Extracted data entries
================

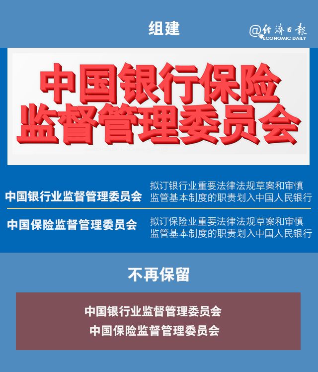 根据方案,将组建中国银行保险监督管理委员会,不再保留银监会、保监会。
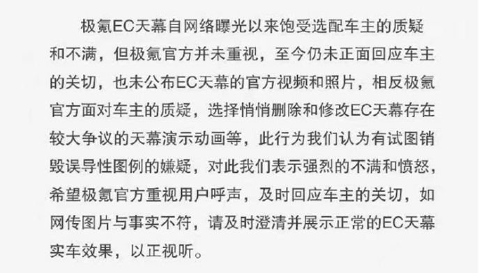 并且这份声明表示,在车主们发起质疑和不满以后,官方并没有作出回应,相反,而是悄悄删除和修改存在较大争议的天幕演示动画,于是这更加引起了车主们的强烈不满与愤怒,同时车主希望官方能及时澄清。
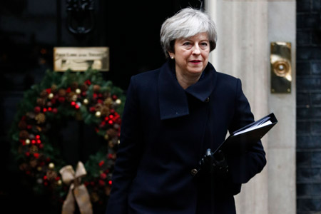 ??? 12月11日,在英國(guó)倫敦,英國(guó)首相特雷莎·梅走出唐寧街10號(hào)首相府。特雷莎·梅11日說(shuō),英國(guó)預(yù)計(jì)向歐盟支付350億至390億英鎊(約合470億至520億美元)的“脫歐分手費(fèi)”,但條件是雙方未來(lái)要達(dá)成一份貿(mào)易協(xié)議。新華社/法新
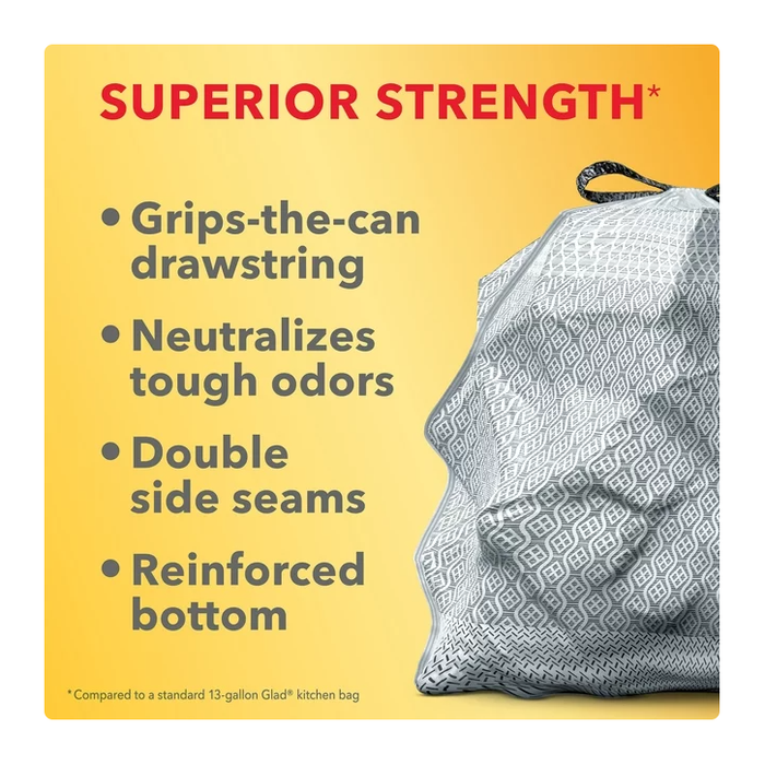 Handles Holiday Cleanups with ease. Glad ForceFlex MaxStrength Tall Kitchen Trash Bags provide strength and Gain Original scent with Febreze Freshness to keep your kitchen smelling fresh and clean. These 13 gallon bags are 25% more durable* with an outer leak protection layer and an inner layer that stretches to prevent rips and tears. 3 in 1 OdorShield technology and Gain with Febreze freshness provide odor control to help fight trash smells. The drawstring grips to the trash can, keeping the bag in place. With double side seams and a reinforced bottom, these bags are made with 100% renewable electricity. And heres something cool: if everyone in the U.S. chose Glad drawstring trash bags it would save 100 million pounds of plastic from going into landfills every year**. Certain trademarks used under license from The Procter & Gamble Company or its affiliates. *Vs. Glad 13 gallon ForceFlex bag. **Based on IRI sales data. Glad Kitchen drawstring bags are made with 7% to 22% less plastic vs top 10 competitors.
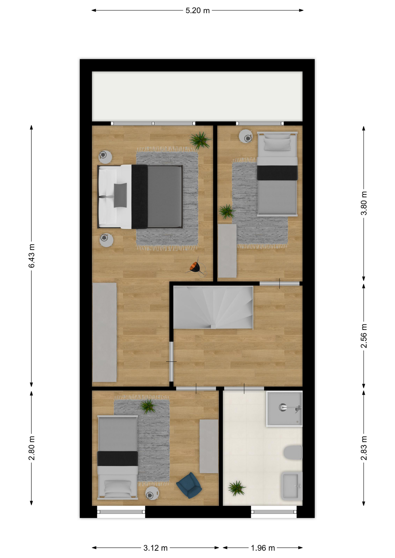 Overloop, 3 slaapkamers van ca. 17, 9 en 8 m² en een moderne badkamer met een inloopdouche, wastafel en 2e toilet.
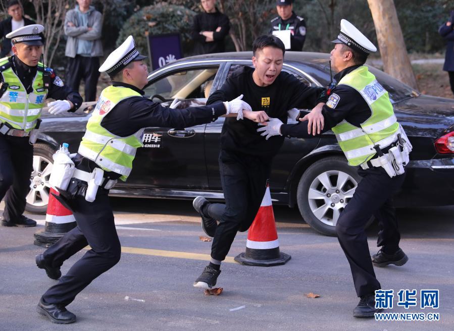 11月12日,选手在交通违法现场查处和阻碍执行职务应对处置竞赛中比武。新华社记者 殷刚 摄
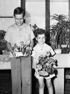 Garden Club. "Second Generation" Flower Show. Billy Zant, first prize winner and Billy Meeker, second prize winner.
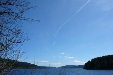 Keywords: sky contrail clouds blue clear sunny water bank aircraft forest aesthetic tree light nature lake horizon
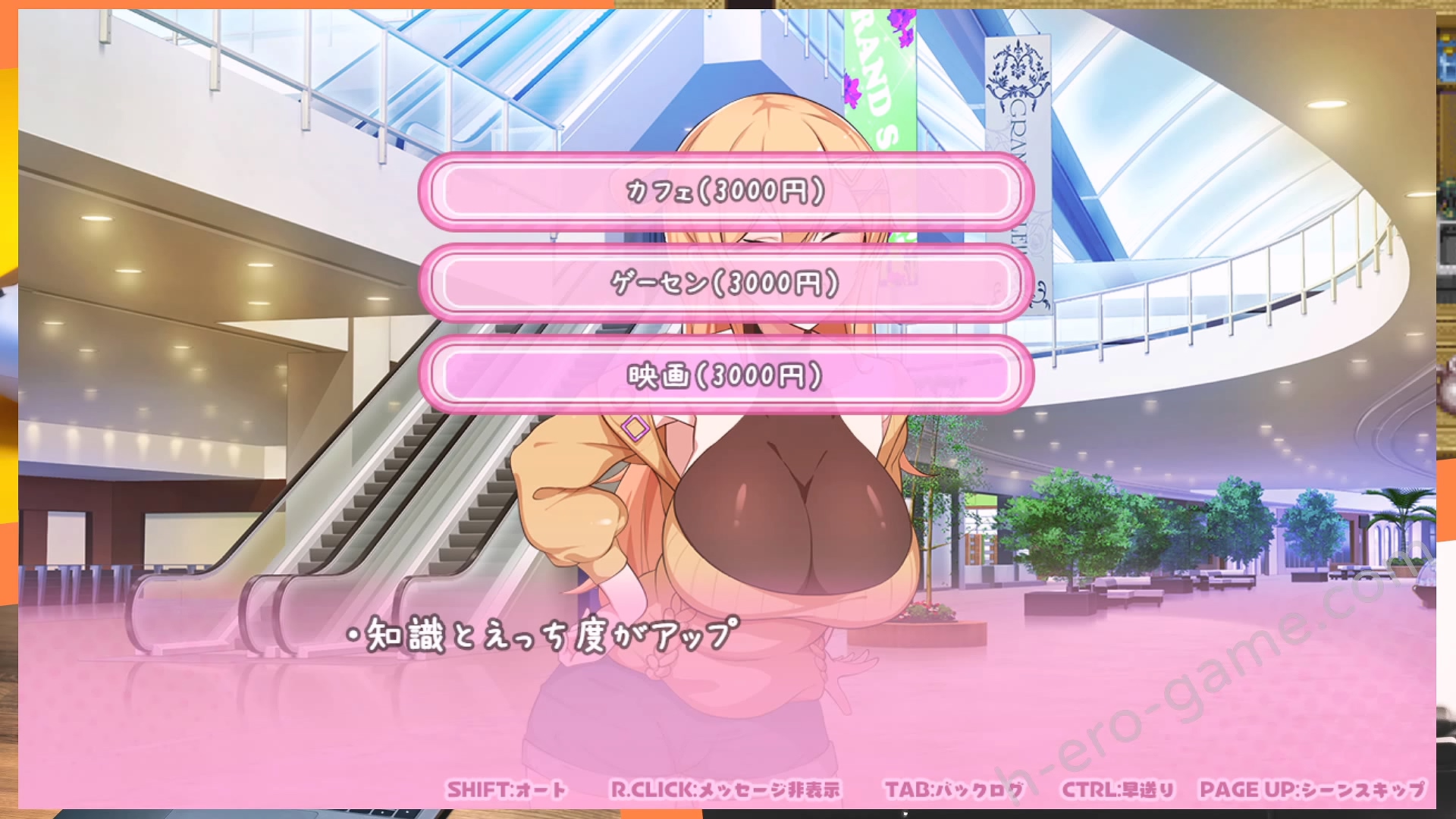 三種行動各自會提高學習、愛情、H度其中一種,但同時也會下降對應的屬性,像是讀書會提升學習降低H度。
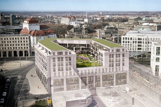The Haus Postplatz car park will provide 160 parking spaces on two levels and will be open around the clock from Monday to Sunday. Haus Postplatz has a total of six floors above ground and a top storey with a total rental area of 18,300 m². Retail outlets and eating places will be located on the ground floor and first floor, together with a fitness suite and offices on the second floor. High-end rental apartments are planned for the 3rd to 5th floors. On the top floor, penthouse apartments with a unique view of the Zwinger will add the finishing touch to the Haus am Postplatz.
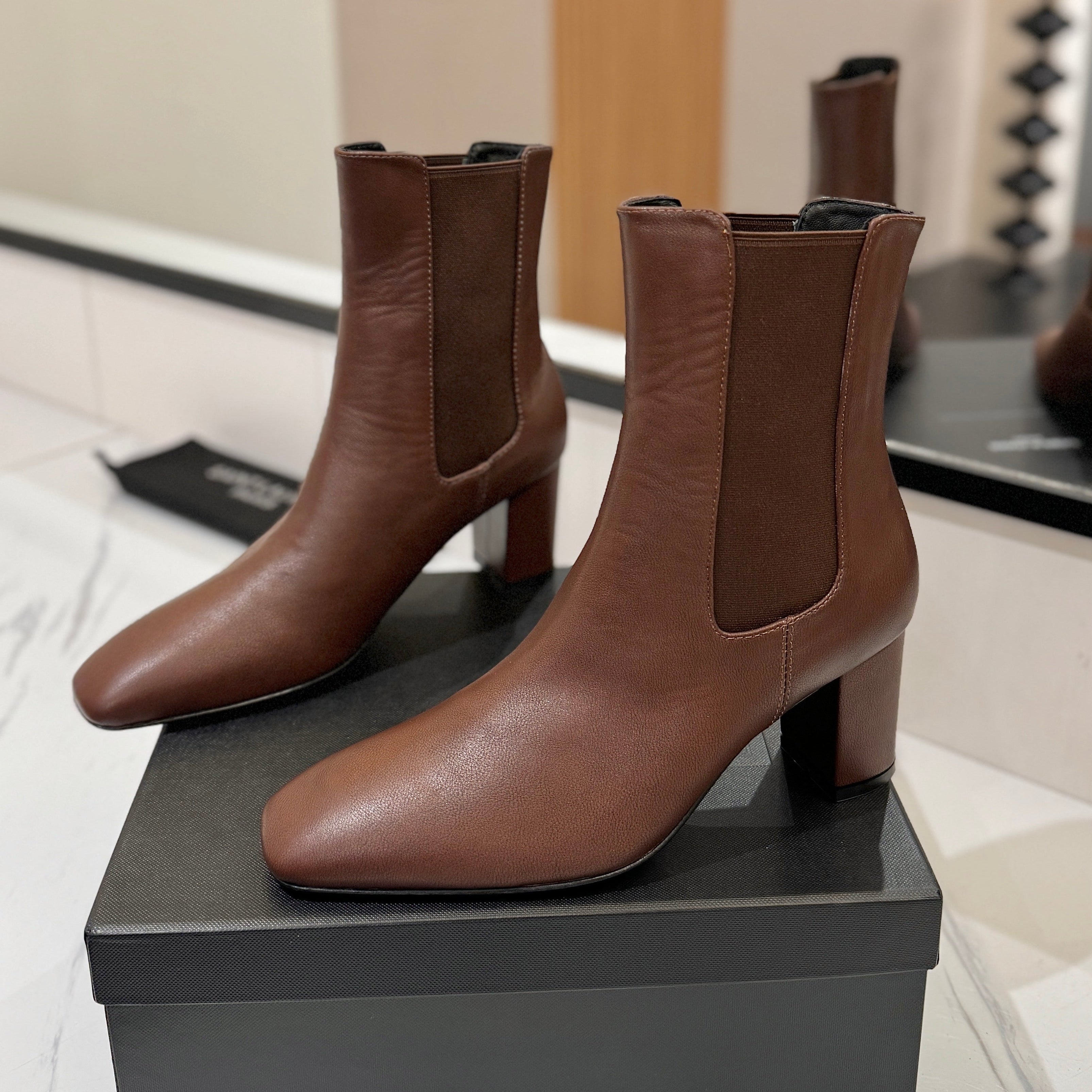 YSL 25 Chelsea Mid-heeled Boot Brown Calfskin 520777
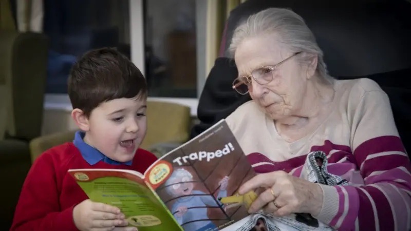 Fotografia săptămânii: Harri, în vârstă de cinci ani, citește volumul „Trapped!” unui rezident dintr-un centru de îngrijire din Wrexham, Anglia. Sursă: Răsfoiala.
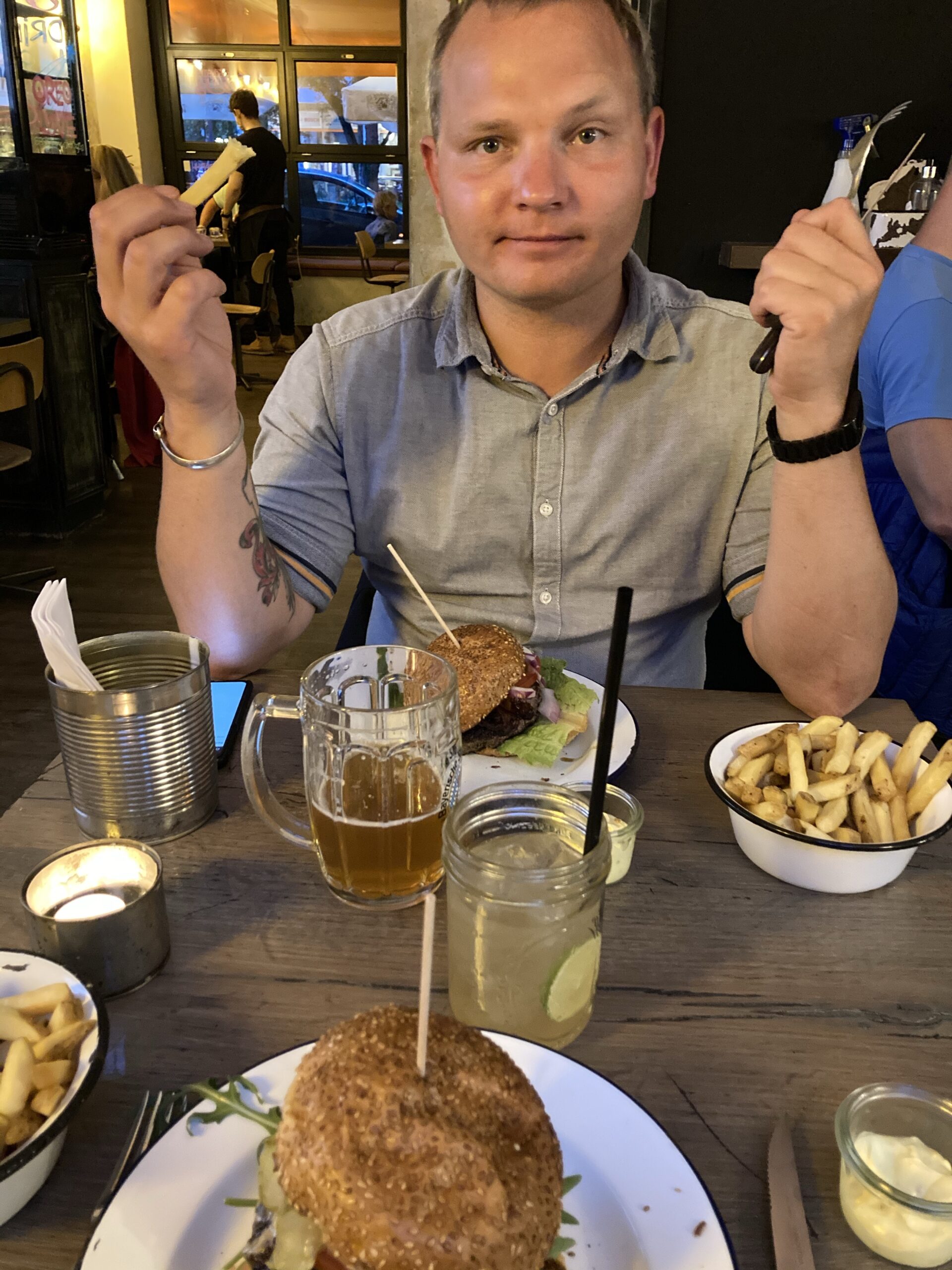 Vi gik over på den anden side af banegården, hvor kvarteret ændrede sig fuldstændig – faktisk præcis på samme måde som i København – for at finde noget aftensmad. Da vi nu var kommet til Hamburg, var det tid til en (ham)burger på Brooklyn Burger Bar. Den var god!
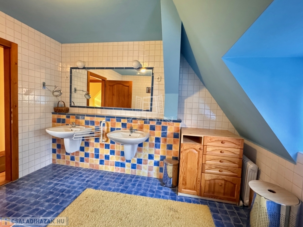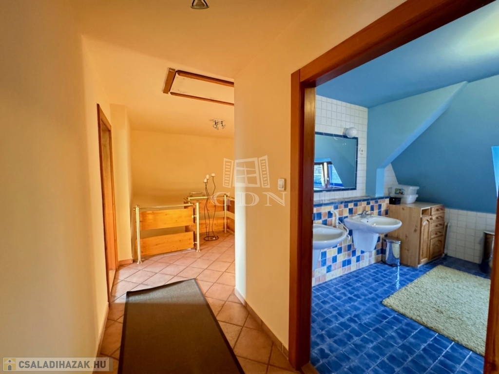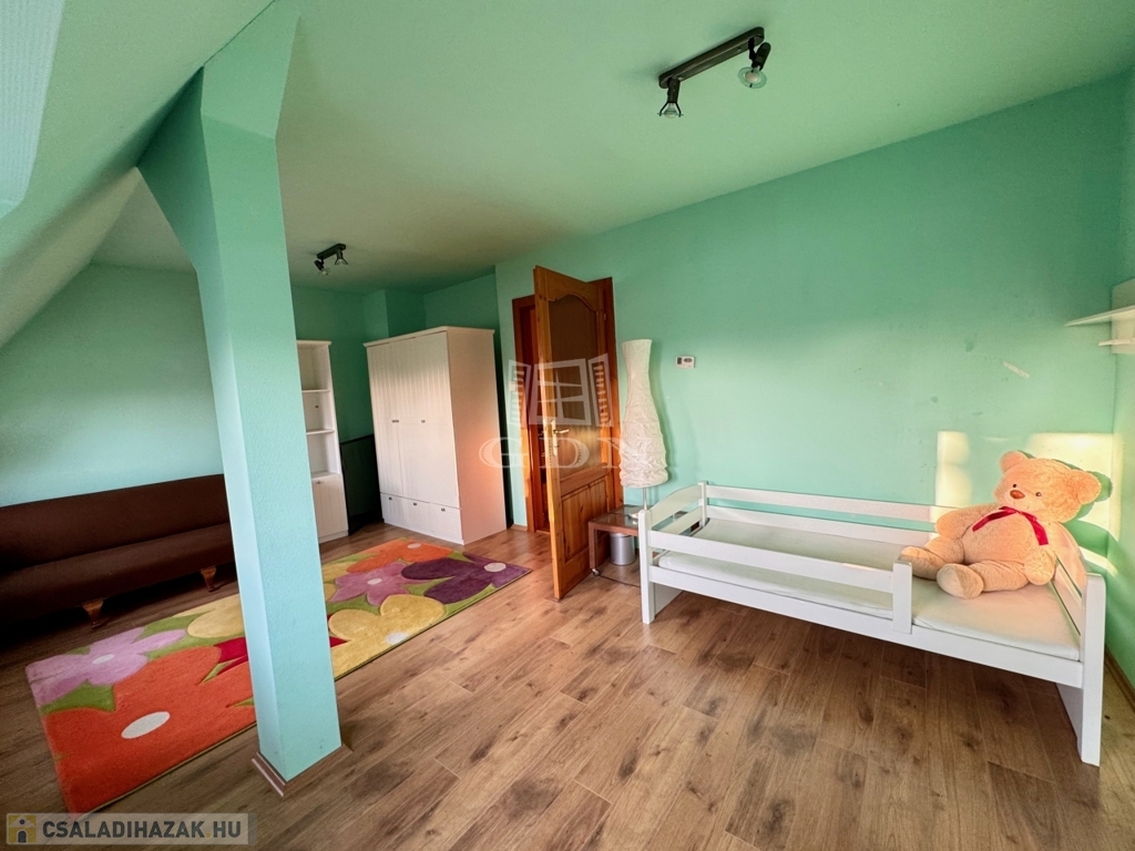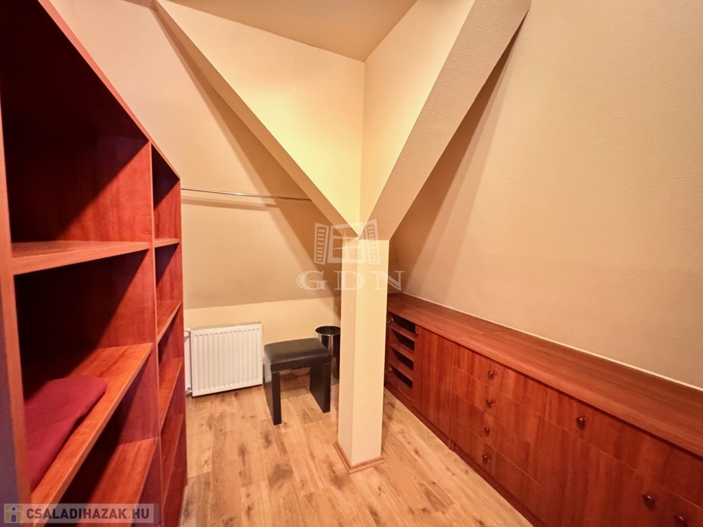 -Emelet: lépcsőház(11,16m2), közlekedő(2,64m2), WC+kézmosó(4,16m2), 2 szoba(20,48m2, 12,41m2), gardróbszoba(5,6m2), fürdőszoba+WC(10,2m2), erkély(2,5m2).

================

Exactly as they appear, repeat the lines from the one containing "The Haus Postplatz" through the last line of the entries, counting both ends. Pictures stay out.

• **Output of the exercise**
The Haus Postplatz car park will provide 160 parking spaces on two levels and will be open around the clock from Monday to Sunday. Haus Postplatz has a total of six floors above ground and a top storey with a total rental area of 18,300 m². Retail outlets and eating places will be located on the ground floor and first floor, together with a fitness suite and offices on the second floor. High-end rental apartments are planned for the 3rd to 5th floors. On the top floor, penthouse apartments with a unique view of the Zwinger will add the finishing touch to the Haus am Postplatz.
 YSL 25 Chelsea Mid-heeled Boot Brown Calfskin 520777
 Fotografia săptămânii: Harri, în vârstă de cinci ani, citește volumul „Trapped!” unui rezident dintr-un centru de îngrijire din Wrexham, Anglia. Sursă: Răsfoiala.
 Vi gik over på den anden side af banegården, hvor kvarteret ændrede sig fuldstændig – faktisk præcis på samme måde som i København – for at finde noget aftensmad. Da vi nu var kommet til Hamburg, var det tid til en (ham)burger på Brooklyn Burger Bar. Den var god!
 -Emelet: lépcsőház(11,16m2), közlekedő(2,64m2), WC+kézmosó(4,16m2), 2 szoba(20,48m2, 12,41m2), gardróbszoba(5,6m2), fürdőszoba+WC(10,2m2), erkély(2,5m2).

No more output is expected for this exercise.